The problem — Copy each record exactly and skip its pictures.

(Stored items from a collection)
---*---
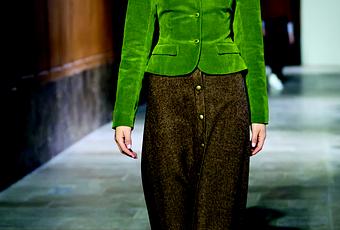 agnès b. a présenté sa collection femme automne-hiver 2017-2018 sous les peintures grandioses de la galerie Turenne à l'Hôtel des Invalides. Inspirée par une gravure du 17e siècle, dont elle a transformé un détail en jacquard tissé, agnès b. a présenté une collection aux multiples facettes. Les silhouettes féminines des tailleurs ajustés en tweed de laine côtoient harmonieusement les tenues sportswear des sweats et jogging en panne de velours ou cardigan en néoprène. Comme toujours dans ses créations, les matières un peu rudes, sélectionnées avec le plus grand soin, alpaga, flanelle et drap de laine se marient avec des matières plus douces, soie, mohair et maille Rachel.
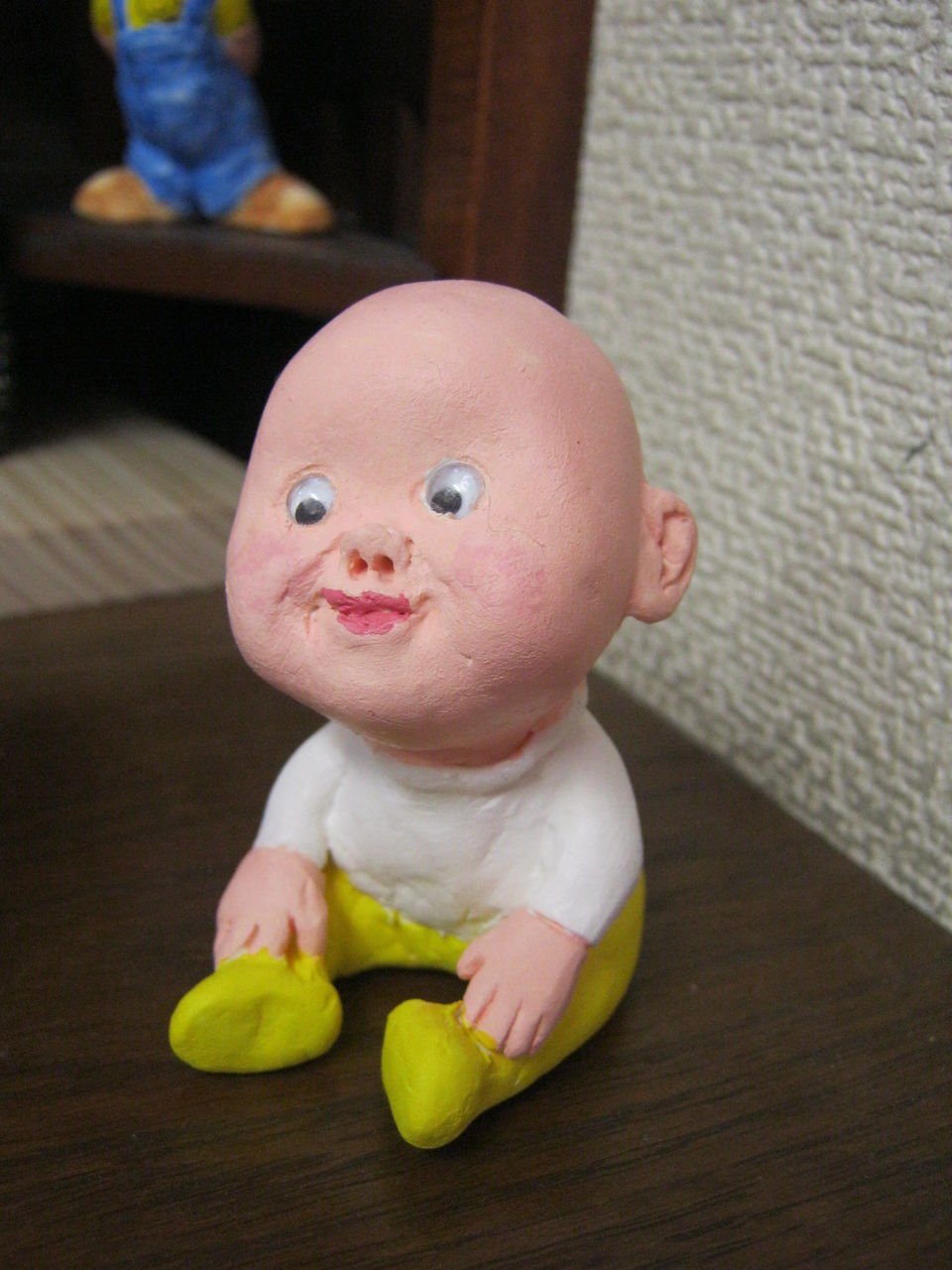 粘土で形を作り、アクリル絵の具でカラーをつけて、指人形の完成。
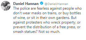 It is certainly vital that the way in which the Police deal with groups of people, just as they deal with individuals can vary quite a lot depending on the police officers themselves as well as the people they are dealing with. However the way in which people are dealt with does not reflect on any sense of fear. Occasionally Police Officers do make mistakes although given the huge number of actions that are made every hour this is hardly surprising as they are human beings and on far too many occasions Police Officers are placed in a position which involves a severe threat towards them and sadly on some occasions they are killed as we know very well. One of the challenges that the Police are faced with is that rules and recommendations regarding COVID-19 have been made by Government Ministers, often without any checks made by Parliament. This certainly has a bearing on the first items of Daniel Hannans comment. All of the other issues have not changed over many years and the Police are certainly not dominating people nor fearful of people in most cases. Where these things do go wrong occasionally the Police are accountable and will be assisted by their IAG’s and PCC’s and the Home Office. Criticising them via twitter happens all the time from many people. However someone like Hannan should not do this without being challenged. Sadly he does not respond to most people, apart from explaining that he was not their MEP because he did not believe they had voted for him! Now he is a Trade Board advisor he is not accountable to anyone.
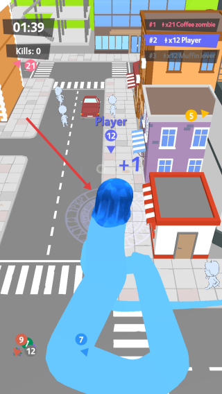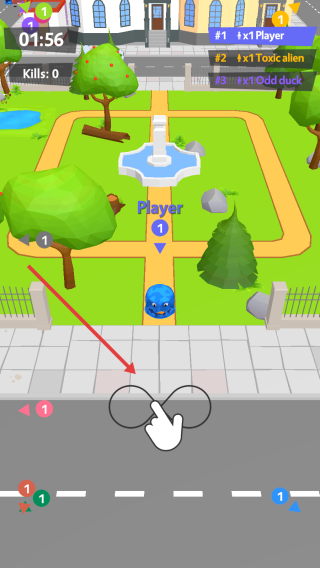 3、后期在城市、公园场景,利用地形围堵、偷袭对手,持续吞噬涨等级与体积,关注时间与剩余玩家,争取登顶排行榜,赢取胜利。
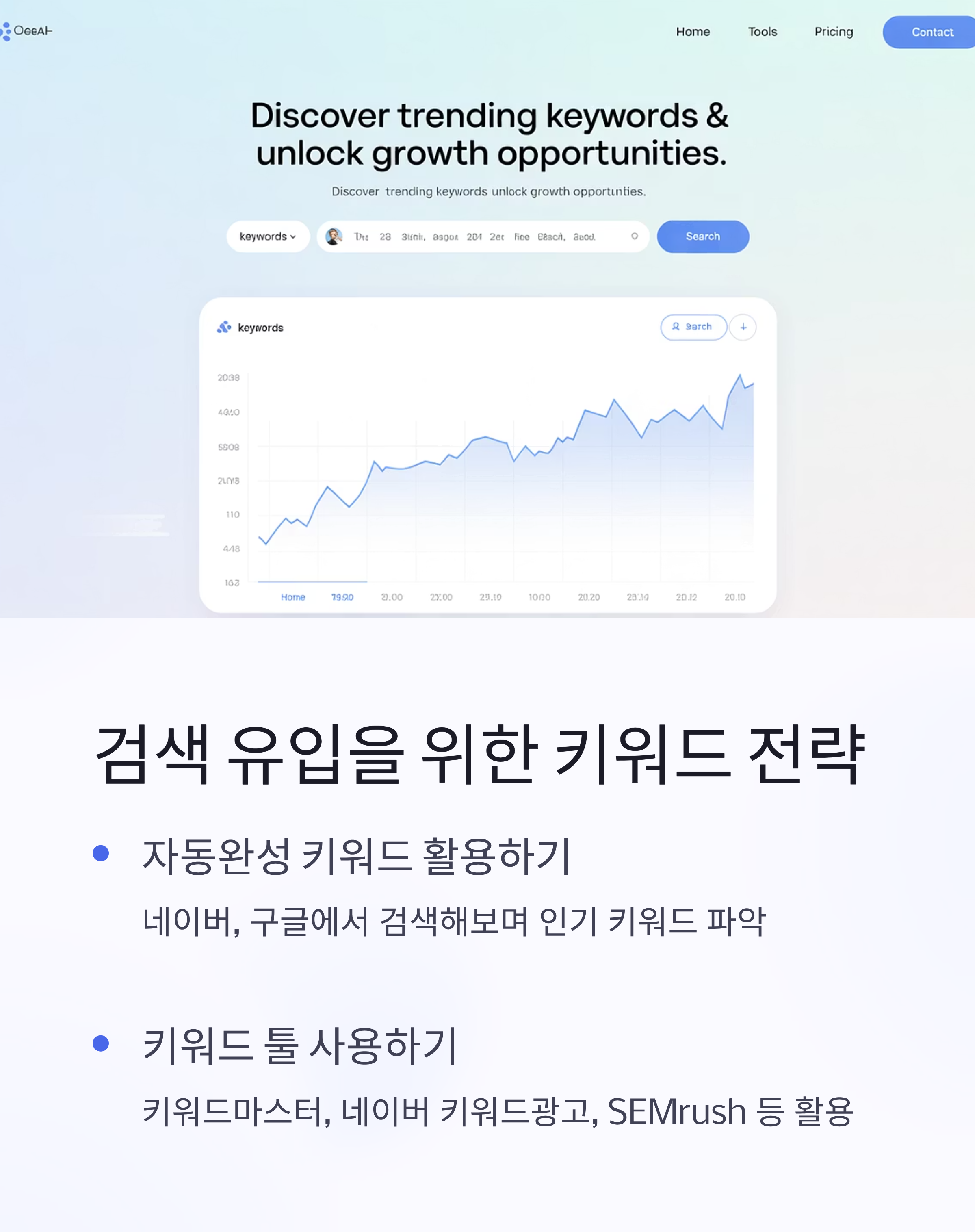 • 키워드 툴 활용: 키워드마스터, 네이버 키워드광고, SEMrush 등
---*---
Output of the task —
 agnès b. a présenté sa collection femme automne-hiver 2017-2018 sous les peintures grandioses de la galerie Turenne à l'Hôtel des Invalides. Inspirée par une gravure du 17e siècle, dont elle a transformé un détail en jacquard tissé, agnès b. a présenté une collection aux multiples facettes. Les silhouettes féminines des tailleurs ajustés en tweed de laine côtoient harmonieusement les tenues sportswear des sweats et jogging en panne de velours ou cardigan en néoprène. Comme toujours dans ses créations, les matières un peu rudes, sélectionnées avec le plus grand soin, alpaga, flanelle et drap de laine se marient avec des matières plus douces, soie, mohair et maille Rachel.
 粘土で形を作り、アクリル絵の具でカラーをつけて、指人形の完成。
 It is certainly vital that the way in which the Police deal with groups of people, just as they deal with individuals can vary quite a lot depending on the police officers themselves as well as the people they are dealing with. However the way in which people are dealt with does not reflect on any sense of fear. Occasionally Police Officers do make mistakes although given the huge number of actions that are made every hour this is hardly surprising as they are human beings and on far too many occasions Police Officers are placed in a position which involves a severe threat towards them and sadly on some occasions they are killed as we know very well. One of the challenges that the Police are faced with is that rules and recommendations regarding COVID-19 have been made by Government Ministers, often without any checks made by Parliament. This certainly has a bearing on the first items of Daniel Hannans comment. All of the other issues have not changed over many years and the Police are certainly not dominating people nor fearful of people in most cases. Where these things do go wrong occasionally the Police are accountable and will be assisted by their IAG’s and PCC’s and the Home Office. Criticising them via twitter happens all the time from many people. However someone like Hannan should not do this without being challenged. Sadly he does not respond to most people, apart from explaining that he was not their MEP because he did not believe they had voted for him! Now he is a Trade Board advisor he is not accountable to anyone.
 3、后期在城市、公园场景,利用地形围堵、偷袭对手,持续吞噬涨等级与体积,关注时间与剩余玩家,争取登顶排行榜,赢取胜利。
 • 키워드 툴 활용: 키워드마스터, 네이버 키워드광고, SEMrush 등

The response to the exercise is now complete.